→ **RECORDED DATA**:
-- Opening Marker --
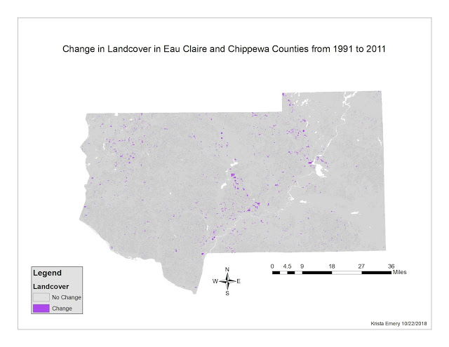 The areas of change over the 20- year period contain mostly cropland or were agriculturally altered over time. (Figure 7) The change in urban areas is a lot less evident compared to the areas highlighted out in ‘the middle of nowhere’. My interpretation of this is that the scale of which change occurs in rural areas a lot more consolidated and covers larger swaths of land than for instance, a new small housing development in town or small park.
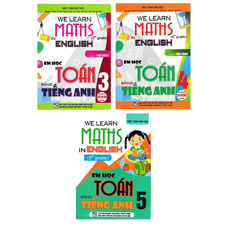 Combo Em Học Toán Bằng Tiếng Anh - We Learn Maths In English - Lớp 3 + 4 + 5 - HA
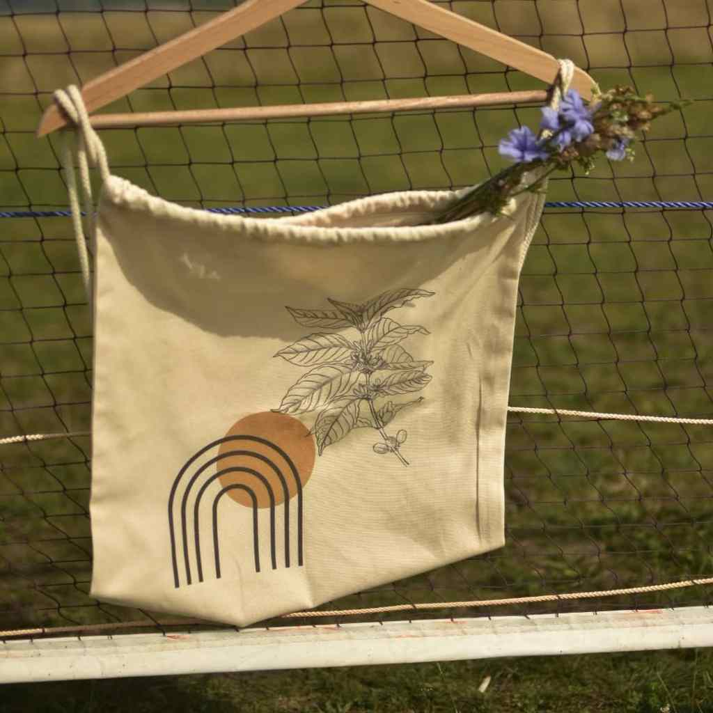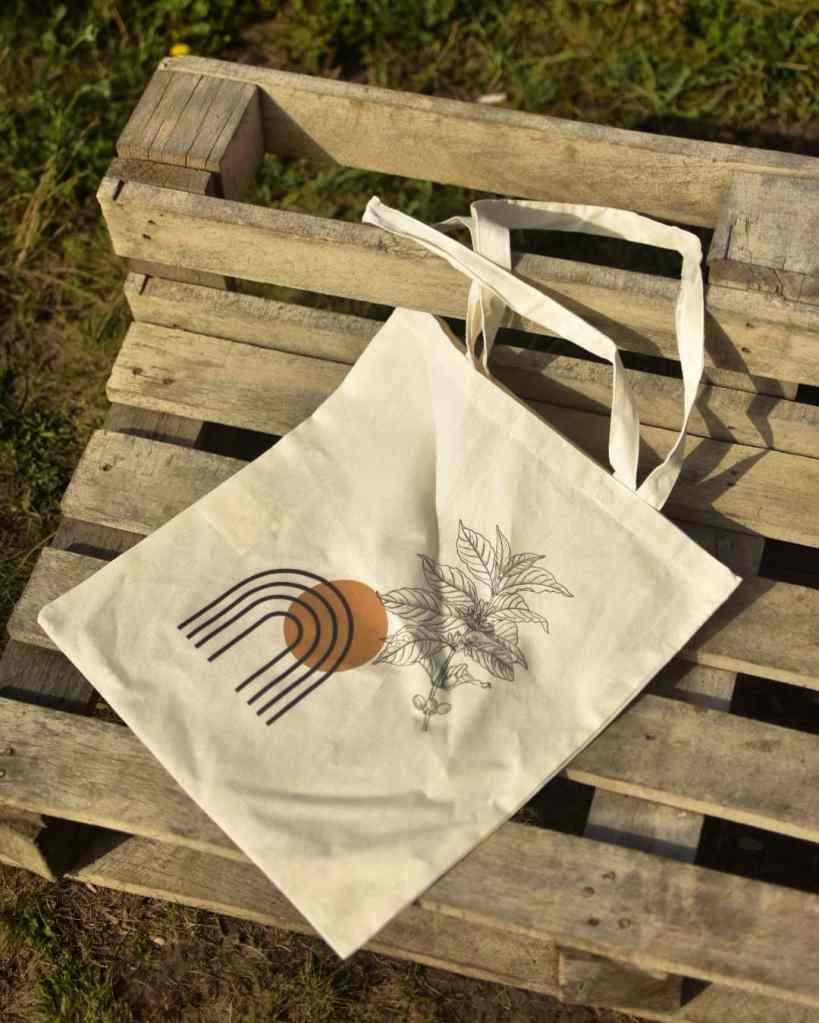 If you want that extra shot of espresso free of charge, just wink over to your favorite barista swinging your tote with a coffee plant design.
-- Closing Marker --
→ **TASK TO CARRY OUT**: Print the listing exactly, pictures excluded.

→ **WRITTEN REPLY**:
 The areas of change over the 20- year period contain mostly cropland or were agriculturally altered over time. (Figure 7) The change in urban areas is a lot less evident compared to the areas highlighted out in ‘the middle of nowhere’. My interpretation of this is that the scale of which change occurs in rural areas a lot more consolidated and covers larger swaths of land than for instance, a new small housing development in town or small park.
 Combo Em Học Toán Bằng Tiếng Anh - We Learn Maths In English - Lớp 3 + 4 + 5 - HA
 If you want that extra shot of espresso free of charge, just wink over to your favorite barista swinging your tote with a coffee plant design.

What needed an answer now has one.